30 October 2017Trademarks

Four EU court rulings from last week and why they matter

Last week WIPR reported on several important rulings from senior courts in Europe, with Aldi, Rolex and O2 just some of the brands featuring. Below we explain why they are important for IP lawyers.

A speedy approach to trademark litigation

On Monday we reported on the Court of Justice of the European Union’s (CJEU) decision in Hansruedi Raimund v Michaela Aigner, an application of the law designed to avoid delays and reduce costs in trademark proceedings.

The court said complaints for trademark infringement can be resolved only after counterclaims based on absolute grounds have been upheld. It added that national courts can go on to dismiss the case even though the decision on that counterclaim might not be final.

Roland Mallinson, partner at Taylor Wessing, said national courts that qualify as EU trademark (EUTM) courts must deal with counter-claims for invalidity as a preliminary point in the same proceedings and, if the trademark is held invalid, dismiss the infringement claim.

“They should not wait for their preliminary decision on invalidity to be appealed before ruling on infringement. Using the court’s words, to rule otherwise would render the enforcement of EUTMs ‘impossible in practice or excessively difficult’ due to delays from appealing any decision in the counter-claim.”

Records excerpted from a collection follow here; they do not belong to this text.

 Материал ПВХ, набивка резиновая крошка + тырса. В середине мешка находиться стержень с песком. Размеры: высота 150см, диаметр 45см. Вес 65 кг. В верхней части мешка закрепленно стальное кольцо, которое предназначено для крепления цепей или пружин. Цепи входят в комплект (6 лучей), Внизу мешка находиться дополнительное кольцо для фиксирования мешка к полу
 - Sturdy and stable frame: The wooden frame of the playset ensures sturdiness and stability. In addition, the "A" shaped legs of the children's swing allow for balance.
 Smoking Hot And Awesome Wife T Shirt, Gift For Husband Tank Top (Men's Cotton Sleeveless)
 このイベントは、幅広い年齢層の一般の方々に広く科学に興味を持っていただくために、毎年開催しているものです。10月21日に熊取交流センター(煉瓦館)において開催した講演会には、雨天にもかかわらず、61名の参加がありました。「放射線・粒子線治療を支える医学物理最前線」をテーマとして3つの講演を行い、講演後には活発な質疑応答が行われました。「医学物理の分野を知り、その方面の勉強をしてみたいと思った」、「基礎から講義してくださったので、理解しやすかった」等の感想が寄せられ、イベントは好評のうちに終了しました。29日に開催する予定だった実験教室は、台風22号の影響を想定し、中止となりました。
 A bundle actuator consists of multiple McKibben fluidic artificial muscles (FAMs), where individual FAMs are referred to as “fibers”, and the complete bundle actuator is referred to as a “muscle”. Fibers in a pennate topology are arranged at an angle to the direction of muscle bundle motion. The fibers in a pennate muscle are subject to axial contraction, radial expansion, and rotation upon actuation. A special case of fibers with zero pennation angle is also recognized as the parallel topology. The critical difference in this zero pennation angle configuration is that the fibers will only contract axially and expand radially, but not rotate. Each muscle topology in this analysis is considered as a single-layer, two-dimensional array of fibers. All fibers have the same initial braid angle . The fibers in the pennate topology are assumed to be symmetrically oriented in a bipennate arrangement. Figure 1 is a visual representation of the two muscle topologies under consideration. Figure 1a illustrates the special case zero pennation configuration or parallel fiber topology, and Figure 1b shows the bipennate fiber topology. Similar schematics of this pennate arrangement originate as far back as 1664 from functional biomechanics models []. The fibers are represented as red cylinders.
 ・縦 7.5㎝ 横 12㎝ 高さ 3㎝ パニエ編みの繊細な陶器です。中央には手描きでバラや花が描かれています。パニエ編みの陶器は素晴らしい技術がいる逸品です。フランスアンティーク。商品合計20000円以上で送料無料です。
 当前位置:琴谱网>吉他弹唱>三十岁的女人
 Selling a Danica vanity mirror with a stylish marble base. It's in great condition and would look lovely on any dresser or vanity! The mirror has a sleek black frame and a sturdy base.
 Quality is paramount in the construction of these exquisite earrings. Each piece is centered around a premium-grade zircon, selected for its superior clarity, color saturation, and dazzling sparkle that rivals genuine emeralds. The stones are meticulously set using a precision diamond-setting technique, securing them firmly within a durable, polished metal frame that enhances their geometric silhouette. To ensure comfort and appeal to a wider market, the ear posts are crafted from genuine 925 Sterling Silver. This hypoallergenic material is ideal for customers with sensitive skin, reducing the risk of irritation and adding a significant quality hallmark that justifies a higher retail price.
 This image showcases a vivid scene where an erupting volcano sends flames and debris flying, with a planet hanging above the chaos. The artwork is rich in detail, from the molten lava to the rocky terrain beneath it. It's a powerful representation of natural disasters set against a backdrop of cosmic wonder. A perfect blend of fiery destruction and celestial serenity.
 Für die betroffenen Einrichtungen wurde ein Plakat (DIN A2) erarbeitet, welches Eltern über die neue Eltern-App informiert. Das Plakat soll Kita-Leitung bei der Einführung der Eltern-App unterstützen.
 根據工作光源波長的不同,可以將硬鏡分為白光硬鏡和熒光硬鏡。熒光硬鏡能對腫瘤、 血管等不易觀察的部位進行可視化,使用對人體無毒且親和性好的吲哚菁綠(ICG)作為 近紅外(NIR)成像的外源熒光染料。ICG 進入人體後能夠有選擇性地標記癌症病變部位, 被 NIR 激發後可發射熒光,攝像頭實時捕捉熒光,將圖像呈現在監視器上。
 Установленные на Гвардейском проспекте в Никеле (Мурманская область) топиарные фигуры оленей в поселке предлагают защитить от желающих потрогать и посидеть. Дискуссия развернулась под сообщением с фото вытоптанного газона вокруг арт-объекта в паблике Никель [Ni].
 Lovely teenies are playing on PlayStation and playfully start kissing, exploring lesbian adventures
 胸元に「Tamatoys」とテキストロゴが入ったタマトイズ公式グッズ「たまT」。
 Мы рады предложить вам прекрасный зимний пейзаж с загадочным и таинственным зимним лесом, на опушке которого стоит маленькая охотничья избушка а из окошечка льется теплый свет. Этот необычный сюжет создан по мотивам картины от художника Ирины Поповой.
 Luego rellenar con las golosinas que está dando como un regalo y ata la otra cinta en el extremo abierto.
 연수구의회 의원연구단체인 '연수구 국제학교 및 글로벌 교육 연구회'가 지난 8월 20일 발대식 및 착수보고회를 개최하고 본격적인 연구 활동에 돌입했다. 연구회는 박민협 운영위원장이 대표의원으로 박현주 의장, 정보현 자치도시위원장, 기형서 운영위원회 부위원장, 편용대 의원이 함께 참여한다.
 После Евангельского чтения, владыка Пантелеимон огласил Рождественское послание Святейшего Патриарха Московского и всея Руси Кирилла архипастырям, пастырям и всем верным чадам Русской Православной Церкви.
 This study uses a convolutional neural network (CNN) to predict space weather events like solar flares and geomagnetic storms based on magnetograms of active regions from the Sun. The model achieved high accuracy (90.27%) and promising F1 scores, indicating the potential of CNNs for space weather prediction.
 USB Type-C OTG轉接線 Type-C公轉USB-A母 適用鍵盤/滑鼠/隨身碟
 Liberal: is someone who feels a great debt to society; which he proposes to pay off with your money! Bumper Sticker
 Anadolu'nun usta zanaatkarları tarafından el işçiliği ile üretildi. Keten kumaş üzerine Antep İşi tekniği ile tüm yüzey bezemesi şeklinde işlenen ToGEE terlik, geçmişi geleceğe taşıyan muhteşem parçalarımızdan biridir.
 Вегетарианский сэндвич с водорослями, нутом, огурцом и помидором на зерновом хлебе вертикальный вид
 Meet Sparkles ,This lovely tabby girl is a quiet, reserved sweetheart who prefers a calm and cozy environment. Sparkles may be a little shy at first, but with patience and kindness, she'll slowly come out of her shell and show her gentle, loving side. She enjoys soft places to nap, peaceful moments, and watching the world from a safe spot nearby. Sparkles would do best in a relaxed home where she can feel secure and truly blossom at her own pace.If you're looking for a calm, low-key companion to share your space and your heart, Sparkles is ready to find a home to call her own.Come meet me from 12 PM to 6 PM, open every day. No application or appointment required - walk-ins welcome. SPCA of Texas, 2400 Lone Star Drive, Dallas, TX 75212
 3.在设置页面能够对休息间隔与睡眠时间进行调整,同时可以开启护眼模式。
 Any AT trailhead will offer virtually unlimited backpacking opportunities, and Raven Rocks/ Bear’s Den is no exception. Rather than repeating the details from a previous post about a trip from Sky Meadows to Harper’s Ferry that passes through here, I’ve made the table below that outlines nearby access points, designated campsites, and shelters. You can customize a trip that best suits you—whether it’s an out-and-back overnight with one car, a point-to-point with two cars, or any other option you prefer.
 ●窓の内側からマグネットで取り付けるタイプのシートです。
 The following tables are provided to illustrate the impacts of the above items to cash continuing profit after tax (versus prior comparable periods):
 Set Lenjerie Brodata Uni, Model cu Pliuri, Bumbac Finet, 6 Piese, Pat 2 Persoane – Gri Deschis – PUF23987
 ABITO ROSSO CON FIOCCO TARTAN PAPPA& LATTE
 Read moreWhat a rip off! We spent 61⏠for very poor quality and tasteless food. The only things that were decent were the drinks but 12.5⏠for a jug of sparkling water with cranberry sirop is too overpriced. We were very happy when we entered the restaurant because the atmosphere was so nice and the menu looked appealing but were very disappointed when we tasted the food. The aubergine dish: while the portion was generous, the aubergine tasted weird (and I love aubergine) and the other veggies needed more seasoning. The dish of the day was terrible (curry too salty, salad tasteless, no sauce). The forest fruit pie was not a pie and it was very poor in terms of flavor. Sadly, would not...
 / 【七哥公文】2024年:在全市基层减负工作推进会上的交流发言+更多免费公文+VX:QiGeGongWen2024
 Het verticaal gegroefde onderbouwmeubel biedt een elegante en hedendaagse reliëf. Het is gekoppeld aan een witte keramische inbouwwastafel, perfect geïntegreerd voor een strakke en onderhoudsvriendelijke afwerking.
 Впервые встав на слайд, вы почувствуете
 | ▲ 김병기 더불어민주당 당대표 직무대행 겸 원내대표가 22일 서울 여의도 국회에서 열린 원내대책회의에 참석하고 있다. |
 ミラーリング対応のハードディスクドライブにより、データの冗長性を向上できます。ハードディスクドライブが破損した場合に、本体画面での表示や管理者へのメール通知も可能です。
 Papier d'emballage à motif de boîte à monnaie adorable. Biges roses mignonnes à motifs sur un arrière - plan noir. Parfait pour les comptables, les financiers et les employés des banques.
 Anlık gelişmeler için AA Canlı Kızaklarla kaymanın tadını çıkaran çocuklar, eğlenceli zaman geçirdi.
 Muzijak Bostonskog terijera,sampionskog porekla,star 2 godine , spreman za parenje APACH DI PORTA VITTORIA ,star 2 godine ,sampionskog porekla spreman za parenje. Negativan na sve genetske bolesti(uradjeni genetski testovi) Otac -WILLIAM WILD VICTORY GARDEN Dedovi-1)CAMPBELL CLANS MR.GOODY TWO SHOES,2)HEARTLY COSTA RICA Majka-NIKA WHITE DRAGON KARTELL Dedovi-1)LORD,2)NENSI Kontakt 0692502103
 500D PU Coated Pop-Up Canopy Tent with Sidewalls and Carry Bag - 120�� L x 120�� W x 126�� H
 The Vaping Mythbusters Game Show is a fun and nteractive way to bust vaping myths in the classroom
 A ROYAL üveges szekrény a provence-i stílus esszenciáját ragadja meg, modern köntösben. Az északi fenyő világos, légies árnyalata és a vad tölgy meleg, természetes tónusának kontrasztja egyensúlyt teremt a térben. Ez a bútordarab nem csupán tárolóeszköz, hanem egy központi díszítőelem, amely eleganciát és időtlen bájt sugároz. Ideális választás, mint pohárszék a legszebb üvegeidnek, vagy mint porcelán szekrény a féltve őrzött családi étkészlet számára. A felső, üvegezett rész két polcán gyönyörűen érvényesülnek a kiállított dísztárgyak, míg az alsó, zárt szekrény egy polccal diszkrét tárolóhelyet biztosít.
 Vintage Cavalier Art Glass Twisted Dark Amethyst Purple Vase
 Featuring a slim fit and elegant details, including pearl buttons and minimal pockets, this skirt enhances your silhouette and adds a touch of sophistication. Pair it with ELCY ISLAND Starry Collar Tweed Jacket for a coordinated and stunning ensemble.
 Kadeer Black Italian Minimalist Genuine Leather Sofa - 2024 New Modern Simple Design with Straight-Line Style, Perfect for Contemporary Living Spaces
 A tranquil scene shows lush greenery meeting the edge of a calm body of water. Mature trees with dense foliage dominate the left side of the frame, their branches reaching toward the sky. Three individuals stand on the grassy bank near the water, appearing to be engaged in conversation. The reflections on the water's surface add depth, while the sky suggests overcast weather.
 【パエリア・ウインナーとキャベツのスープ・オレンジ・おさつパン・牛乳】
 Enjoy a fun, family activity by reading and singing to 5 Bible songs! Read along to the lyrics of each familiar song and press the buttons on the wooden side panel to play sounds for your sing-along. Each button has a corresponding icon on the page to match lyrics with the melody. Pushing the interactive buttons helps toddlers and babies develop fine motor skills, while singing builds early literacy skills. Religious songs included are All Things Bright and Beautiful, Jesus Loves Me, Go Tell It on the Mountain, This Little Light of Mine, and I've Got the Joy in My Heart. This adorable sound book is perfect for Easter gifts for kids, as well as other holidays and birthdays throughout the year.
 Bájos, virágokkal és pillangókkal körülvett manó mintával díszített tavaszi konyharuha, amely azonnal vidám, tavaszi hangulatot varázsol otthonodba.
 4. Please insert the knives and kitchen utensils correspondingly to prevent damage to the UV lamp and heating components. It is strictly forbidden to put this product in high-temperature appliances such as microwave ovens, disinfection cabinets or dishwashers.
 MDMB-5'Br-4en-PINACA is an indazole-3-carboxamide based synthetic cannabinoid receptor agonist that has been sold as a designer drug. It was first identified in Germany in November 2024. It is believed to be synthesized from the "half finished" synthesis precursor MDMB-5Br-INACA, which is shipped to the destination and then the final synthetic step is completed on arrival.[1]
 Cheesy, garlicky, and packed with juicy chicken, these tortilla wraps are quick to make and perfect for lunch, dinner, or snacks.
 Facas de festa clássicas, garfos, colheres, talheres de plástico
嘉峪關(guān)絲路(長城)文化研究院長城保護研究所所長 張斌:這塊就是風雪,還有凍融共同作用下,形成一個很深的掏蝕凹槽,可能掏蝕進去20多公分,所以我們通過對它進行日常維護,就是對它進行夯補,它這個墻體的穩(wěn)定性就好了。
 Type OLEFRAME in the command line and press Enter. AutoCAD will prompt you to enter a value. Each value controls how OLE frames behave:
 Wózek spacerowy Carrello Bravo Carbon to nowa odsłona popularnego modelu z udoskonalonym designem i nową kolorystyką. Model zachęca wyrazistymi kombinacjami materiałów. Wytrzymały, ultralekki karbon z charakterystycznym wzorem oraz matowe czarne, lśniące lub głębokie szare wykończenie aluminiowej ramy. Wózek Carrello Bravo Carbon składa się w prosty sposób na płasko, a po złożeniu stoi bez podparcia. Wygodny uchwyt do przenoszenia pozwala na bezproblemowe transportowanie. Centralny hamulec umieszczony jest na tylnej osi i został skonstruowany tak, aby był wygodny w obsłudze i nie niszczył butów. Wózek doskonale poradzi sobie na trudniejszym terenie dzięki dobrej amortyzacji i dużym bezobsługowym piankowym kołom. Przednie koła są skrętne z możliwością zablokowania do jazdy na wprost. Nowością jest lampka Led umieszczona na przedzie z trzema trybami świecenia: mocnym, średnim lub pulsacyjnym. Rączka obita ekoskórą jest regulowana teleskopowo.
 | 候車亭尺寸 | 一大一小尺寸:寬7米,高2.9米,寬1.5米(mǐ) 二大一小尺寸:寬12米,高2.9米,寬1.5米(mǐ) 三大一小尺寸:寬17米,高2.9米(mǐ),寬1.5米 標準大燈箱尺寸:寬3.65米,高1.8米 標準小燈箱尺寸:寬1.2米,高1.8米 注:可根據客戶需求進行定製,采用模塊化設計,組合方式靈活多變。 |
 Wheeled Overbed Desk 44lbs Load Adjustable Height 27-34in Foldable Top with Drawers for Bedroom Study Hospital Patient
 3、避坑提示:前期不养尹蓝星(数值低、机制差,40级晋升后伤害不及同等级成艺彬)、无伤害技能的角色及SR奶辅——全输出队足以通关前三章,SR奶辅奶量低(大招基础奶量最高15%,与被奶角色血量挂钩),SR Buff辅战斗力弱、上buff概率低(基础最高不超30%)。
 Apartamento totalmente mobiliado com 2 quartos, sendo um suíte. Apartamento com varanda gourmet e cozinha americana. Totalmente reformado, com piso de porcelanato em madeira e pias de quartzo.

Mallinson said that while it may appear encroaching on matters of judicial procedure, which is normally left to member states, “this is a sensible application of EU law that will avoid delays and reduce costs from multiple proceedings”.

A badge of quality

As we reported on Tuesday, the EU General Court backed the European Commission in clearing a string of luxury watch makers of any wrongdoing in relation to their selective repair systems.

According to Morag Macdonald, joint head of the international IP group at Bird & Bird, the ruling is a welcome outcome for luxury brand owners.

It’s now clear that luxury brands, such as Rolex and Louis Vuitton, can control the quality “not only of their branded goods but also any services offered in relation to those brands”.

The decision is the latest in a dispute spanning over 13 years, following a complaint from the Confédération Européenne des Associations d’horlogers-Réparateurs (CEAHR), which represents independent watch repairers.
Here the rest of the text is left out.